Last year’s soapy smash Big Little Lies taught viewers that nothing is creepier than helicopter parents in tony school districts. A Simple Favor, a nutty millennial mystery directed by Paul Feig (Bridesmaids, Ghostbusters), adds a few more cracks to that perfect facade. Anna Kendrick plays mommy vlogger Stephanie Smothers, who’s far from poised in her everyday life. Through a nervous smile, Stephanie makes friends with the chic, enigmatic Emily Nelson (Blake Lively), a gin-gargling mom who picks up her kid from school–on the occasions when she actually shows up–wearing flashy business suits that make her look like a hybrid of Scrooge McDuck and Britney Spears. Stephanie basks in the glow of Emily’s affection until the day Emily mysteriously vanishes; her whereabouts, and the involvement of her husband Sean (Crazy Rich Asians star and newly minted heartthrob Henry Golding), are just the beginning.

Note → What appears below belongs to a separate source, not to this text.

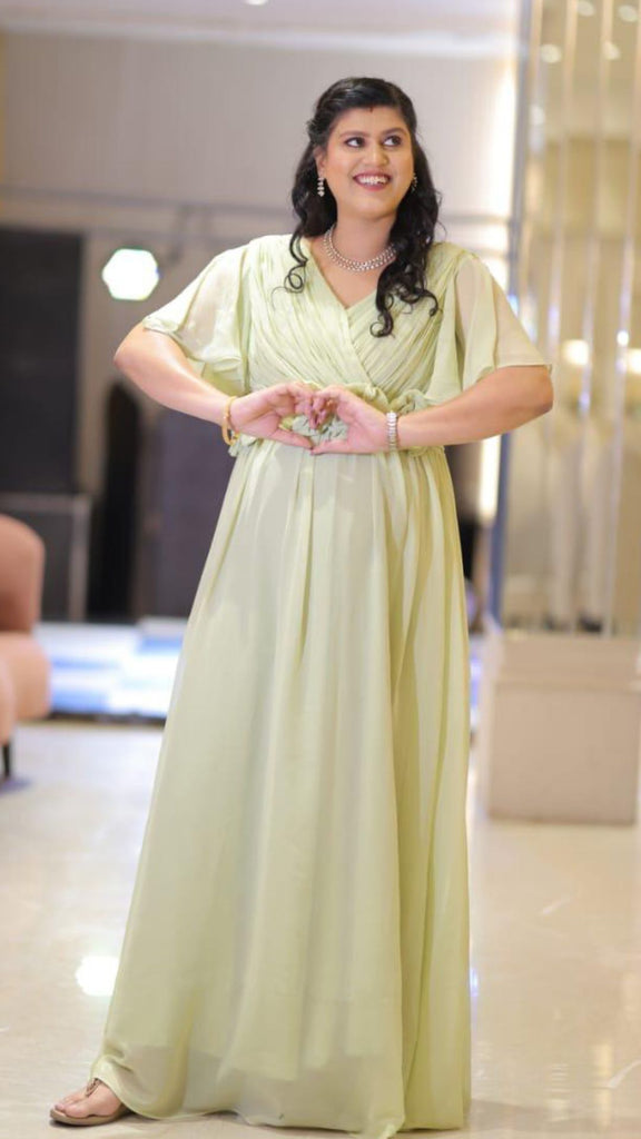Pastel Lime-Green Baby-Shower Gown with Sash

If A Simple Favor gave us more of Kendrick’s aw-shucks sarcasm and Lively’s surprising acidity, this might’ve been a dynamic comedy in the vein of Feig’s madcap Spy, which veered brilliantly between Melissa McCarthy’s self-deprecation and Miranda Hart’s cutting exasperation. But the movie aims to be a cheekier Vertigo, and even with a running time of almost two hours, it speeds too choppily through Stephanie’s detective work, relying instead on inelegant exposition. Stephanie does run into a couple of fun cutups along Emily’s paper trail, including Rupert Friend as a viperish fashion designer and the great Jean Smart boozing it up in an attic like a rejected suspect on HBO’s other recent gossipy thriller, Sharp Objects. It all makes for one of the more twisted, circuitous and silly capers in recent memory.
But the biggest pleasure from A Simple Favor is watching Lively, who was so searing in the taut thriller The Shallows and elevated 2016’s baffling All I See Is You. She’s a slyly versatile performer, capable of landing a killer punch line. When Lively dead-eyes the ever apologetic Kendrick and threatens to “slap the sorry out of you,” you laugh, sigh and practically feel the handprint on your own face. She’s fearsome and great–even when the movie is only tolerably absurd.